GCSA on smoothxg GFAs

[fbemm]

Dear Erik,

I am trying to GCSA index a graph from edyeet->seqwish->smoothxg->vg view->vg prune -r.

Input are 3 small genomes (<100Mb), each with around 40 "contigs". The graph has 190k segments and 240k edges.

Running vg index to generate the gcsa index results in very large tmp files (>2Tb) and practically does not finish.

I am not sure where to start digging at the moment. I am trying to index the seqwish output now directly.

Bests, F

[ekg]

Yes, that makes sense. I think you're probably running across a lot of bubbles during the kmer generation. This is the basic flaw of the GCSA2 indexing strategy, at least as it's currently implemented. (We might simplify things for ourselves by just indexing the actual paths directly rather than the graph and its implied recombinations..)

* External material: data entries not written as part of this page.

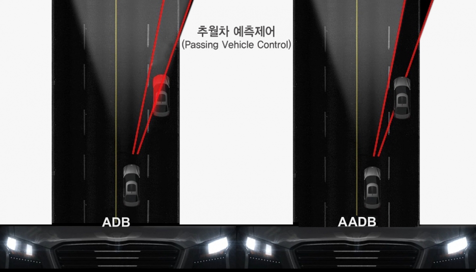 현재 프리미엄 브랜드 중 일부 차종에만 적용된 지능형 헤드램프(ADB)는 상시 상향등 상태로 운전자 시야를 확보하는 동시에, 마주오는 전방 차량 부분만 빛을 차단해 앞차 운전자의 눈부심을 막는다. 다만, 기존 제품의 경우 뒤에서 추월하는 차량이나 빠르게 커브길을 선회하는 차량 등 주변 차량의 급격한 움직임에 제대로 대응하지 못하는 한계가 지적된다.
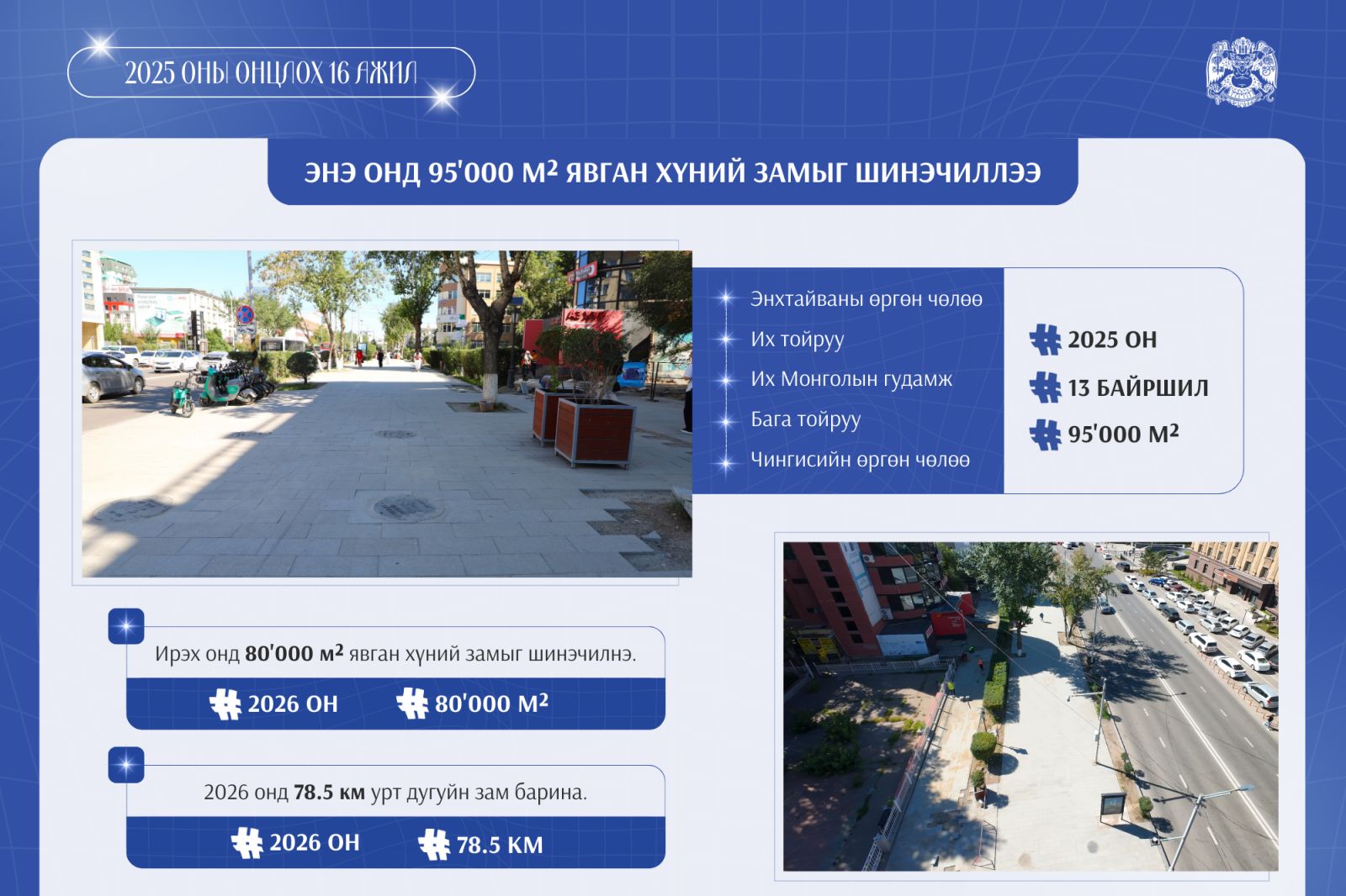 Энэ онд Улаанбаатар хотын гол гудамж, замууд болох Энхтайваны өргөн чөлөө, Их тойруу, Бага тойруу, Их Монголын гудамж болон Чингисийн өргөн чөлөө дагуух 13 байршилд 95 мянган ам.метр явган хүний замыг шинэчиллээ. Явган хүний замыг барзгар гадаргуутай байгалийн чулуун хавтангаар шинэчилж буй онцлогтой. 2026 онд үргэлжлүүлэн 80 мянган ам.метр явган хүний замыг шинэчилнэ. Барилгын ажлыг ирэх оны хавар эхлүүлнэ.
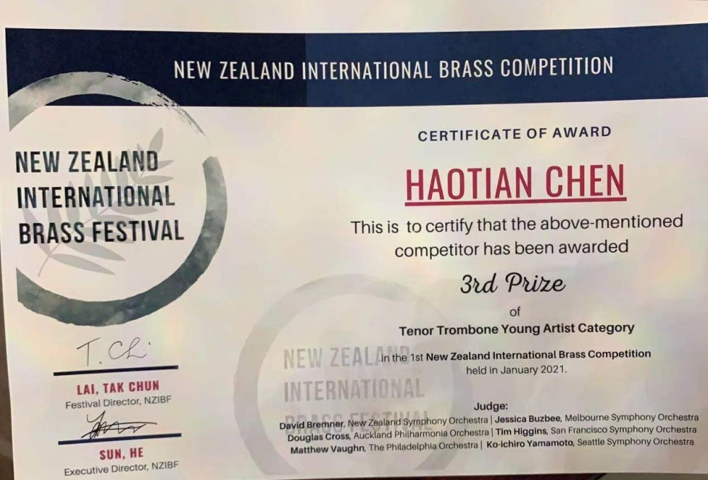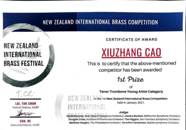 2021年1月, KY开元附中高一年级学生曹修章同学和大一年级学生陈浩田同学分别获得第一届新西兰国际铜管比赛(NZIBC)长号青年组第一名和第三名,指导教师为郭澎远副教授。
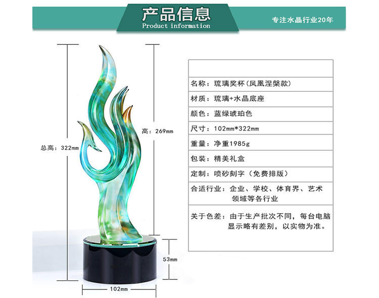 創意琉璃鳳凰涅槃獎杯
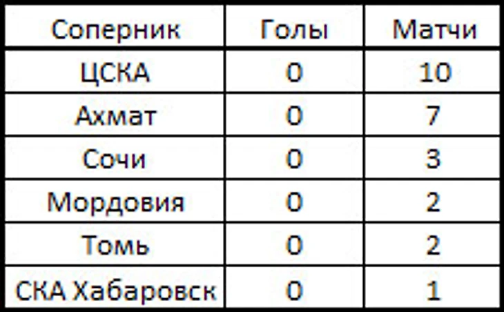 Далеко не все команды успел огорчить Артём Дзюба. Так, сохранить за 6 лет свои ворота в неприкосновенности удалось 6 командам. Из которых стоит выделить московский ЦСКА, что за 10 матчей форвард так и не распечатал, и грозненский Ахмат, 7 матчей и ни одного мяча в воротах.
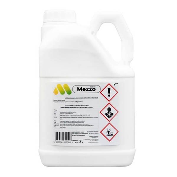 Sposób działania: MEZZO 500 SC jest środkiem chwastobójczym, koncentratem w postaci stężonej zawiesiny do rozcieńczania z wodą, stosowanym nalistnie, przeznaczonym do zwalczania rocznych chwastów dwuliściennych i jednoliściennych w rzepaku ozimym i kapuście głowiastej białej. Środek przeznaczony do stosowania przy użyciu samobieżnych lub ciągnikowych opryskiwaczy polowych.
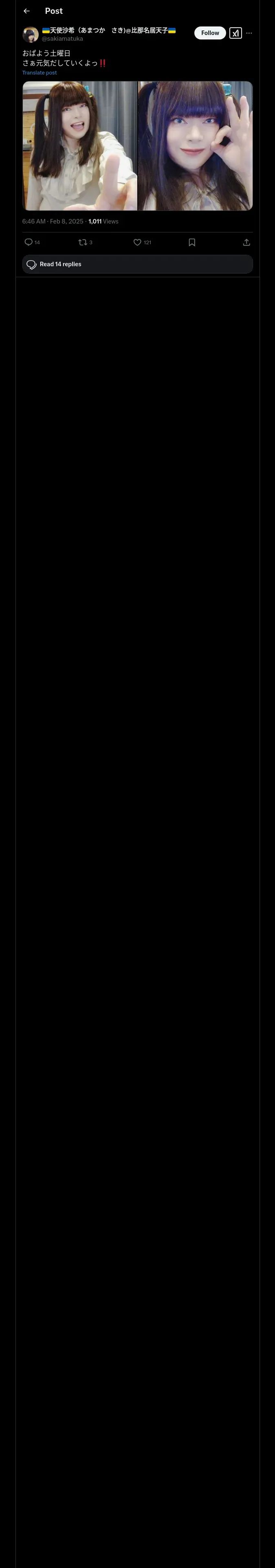 https://x.com:443/sakiamatuka/status/1887981383852990748

It's worth trying to get this to work though. Usually, by decreasing the graph complexity (with pruning) and/or reducing the GCSA2 index kmer size you can always build the index.

I think you may need to use vg prune -u, to "unfold" the reference paths in bubbles to decrease the overall complexity of the graph. @jltsiren would know

I would also just try to index with a much smaller kmer size for the GCSA2 index. For instance:

vg index -x g.xg -g g.gcsa -k 11 -X 2

This would result in a 11 * 2^2 = 44 mer index. This should be faster to make. It'll be slightly worse for mapping, but not too much worse. Remember that these are just seeds for the mapping.

[jltsiren]

This looks like the "small graph with many paths" scenario in the wiki. vg prune -u should work here.

The vg prune -r approach is only appropriate for reference+VCF graphs. It first removes complex graph regions and then restores all nodes and edges used by paths. If the graph is based on multiple sequence alignment, vg prune -r probably won't do anything.